Above Image: Roadside entrance
Above Image: Entrance doorway
Above Image: Double sedilia
Above Image: The ambulatory lawn
Above Image: entrance to the cloister
Below 4 Images: A stroll around the cloister
Above Image: Vaulted room off the cloister
Quin Abbey was constructed in the Gothic style by the
prominent MacNamara family on the site of an earlier monastery which was
destroyed in 1228. In 1350 a church was the first structure to be built and
then using the ruins of a huge Norman castle built by Thomas de Clare (remnants
of which can still be seen today) they incorporated them into a further construction.
Subsequently a cloister was added in 1402 and a bell tower and Lady chapel in
1432. The site was then given a year later to the Franciscans to establish a
friary there.
In 1541 the Abbey was suppressed by Henry VIII and the lands
passed to the O’Brians. The monks were allowed to remain in the building by
their new landlords but by 1548 and with no financial support the Abbey began
to fall into disrepair. After some turbulent times the MacNamaras eventually regained
control in 1590 and went about repairing what damage they could.
The beginning of the
end occurred in 1651 when Cromwellian forces destroyed the Abbey and
slaughtered the monks. Subsequent years saw other Franciscan monks return on
several occasions but the Abbey continued to fall into further ruin and the very
last monk to reside there died in 1820. The board of Public works took control
of the Abbey in 1880 and set about making it a national monument.The ruins today which are better preserved than one would have expected given its history lie in a meadow in the quiet village of Quin. A short walk from the roadside brings you to this wonderful Abbey. Although in state care the admission is free of charge and from the moment you step inside the great doorway you are almost magicked away to a different time. A caretaker is on hand at all times who will check any bags you are carrying , I’m not sure why but maybe to make sure you are not carrying anything that might inadvertently cause damage, and he then also patrols the ruins. On our visit and with the Abbey almost empty (even though this was high season) he tended to shadow us especially in the cloister area. I’m sure he wasn’t trying to be intimidating and we eventually lost him along the way.

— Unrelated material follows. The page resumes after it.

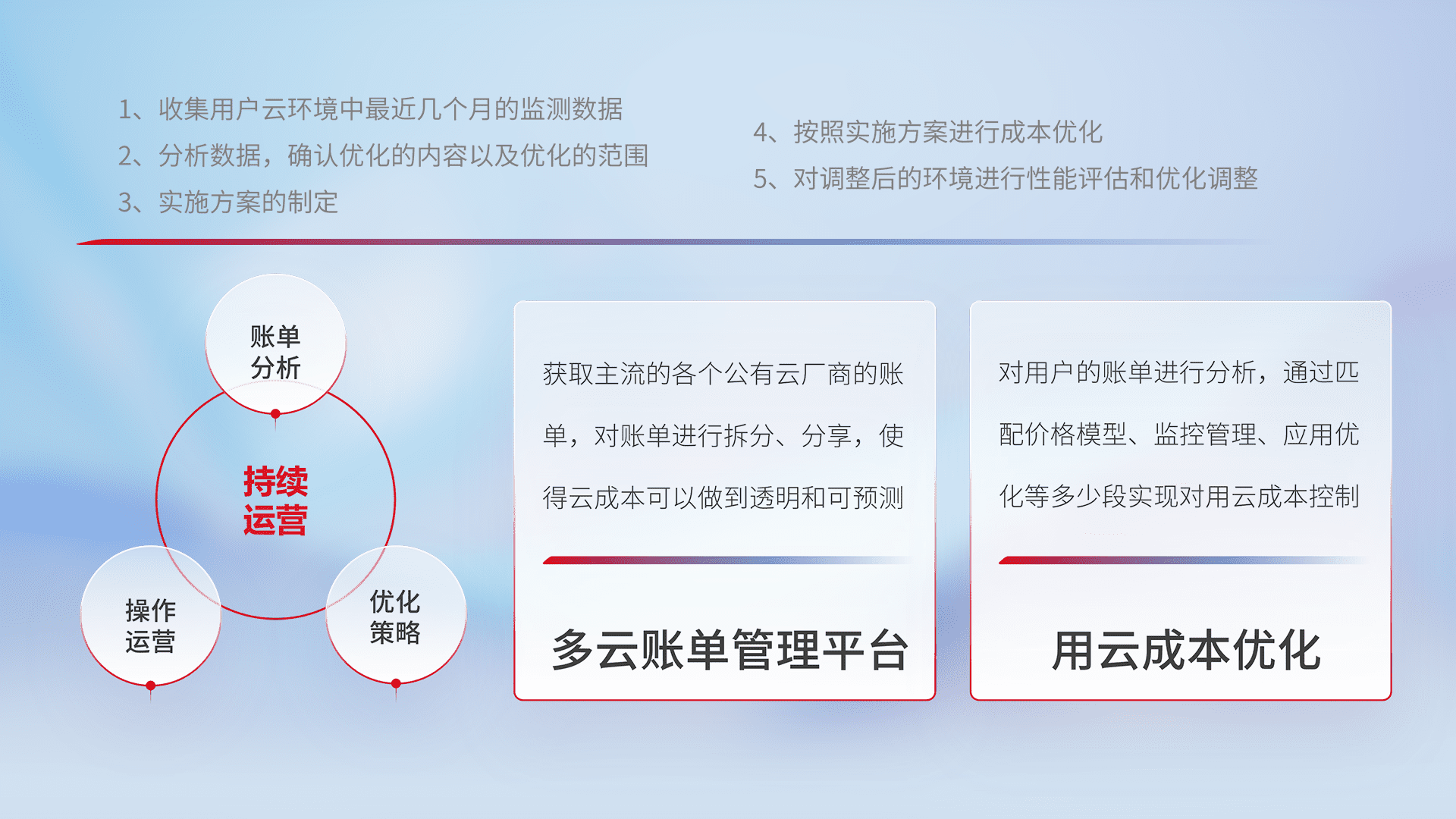 通过多云纳管,,,以统一的资源数据模型把客户的云资源进行抽象和封装,,,进而实现对多云资源的统一操作,,,,保障云资源管理的可靠性、、、稳定性与可用性。。。。量身定制化运维内容,,,配置、、开发运维、、补丁管理、、、、备份、、、、监控、、、、认证和访问管理、、、审计和日常巡检等,,保障在用云过程中的可靠度,,,稳定度以及高可用率。。。。
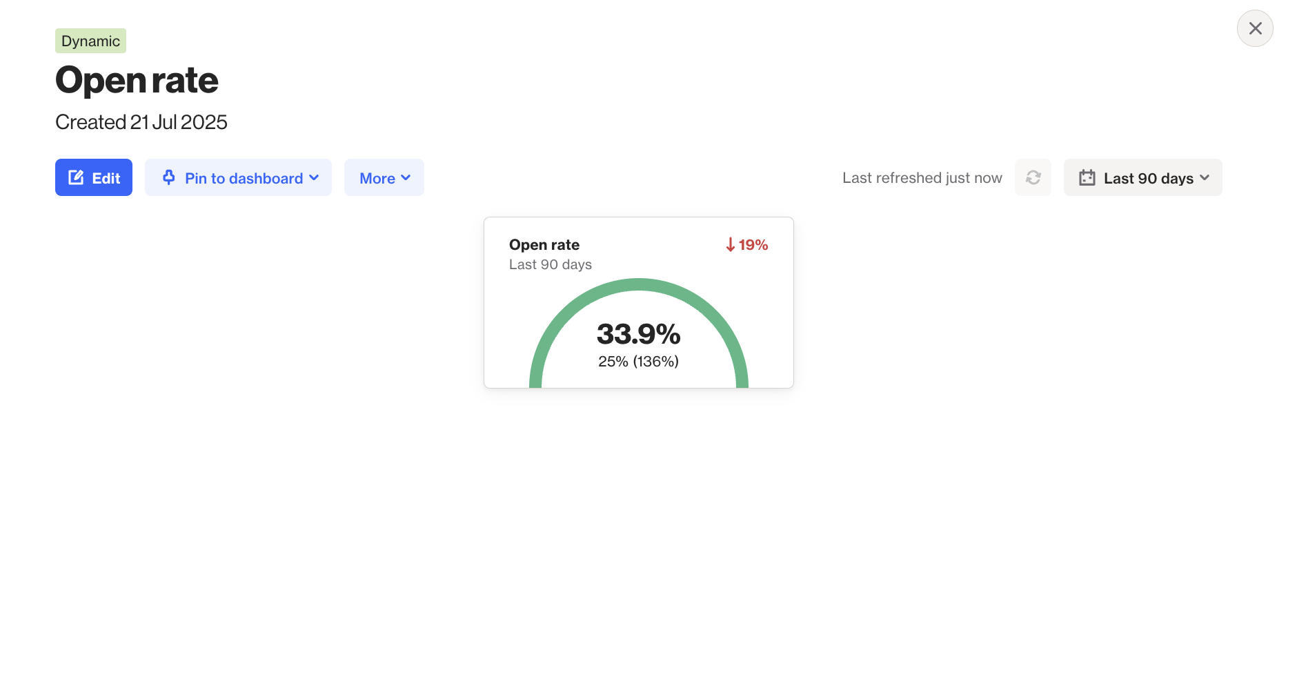 Example: The metric report shows an open rate of 33.9% over the last 90 days. This represents a 19% decrease compared to the previous 90-day period. The goal for this metric is 25%, and the current value exceeds that goal by 136%.

The great tower apparently has a spiral staircase but we didn’t find any indicators to an entrance. As in most of these large ruins the upper floors tend to be closed off for health & safety reasons. If anyone knows different I would be pleased to know.
The Lady Chapel contains the remains of the MacNamara family with tombs that date back as far as 1450.
To me the most stunning feature has to be the cloister. This ambulatory is in remarkable condition and light streams in through the pillars. It was a joy to walk around and gave a great sense of what it must have been like at the time the monks would have used it, so silent and reflective a place to be.
I think we spent more than an hour wandering around the great arches and alcoves taking in some breathtaking stone masonry. We also discovered that you can access the park where the ruins of St Finghins Church (see earlier post) is standing. So much to see at this site and I really highly recommend a visit.
To find the ruins take the R469 heading East from Station Rd in Ennis and drive for approx. 11KM. As you enter the village you will spot a water tower ahead. The road forks here and you need to swing left. Drive until you have crossed the bridge on the River Rine and just beyond is the entrance to the Abbey field. Parking is available along here.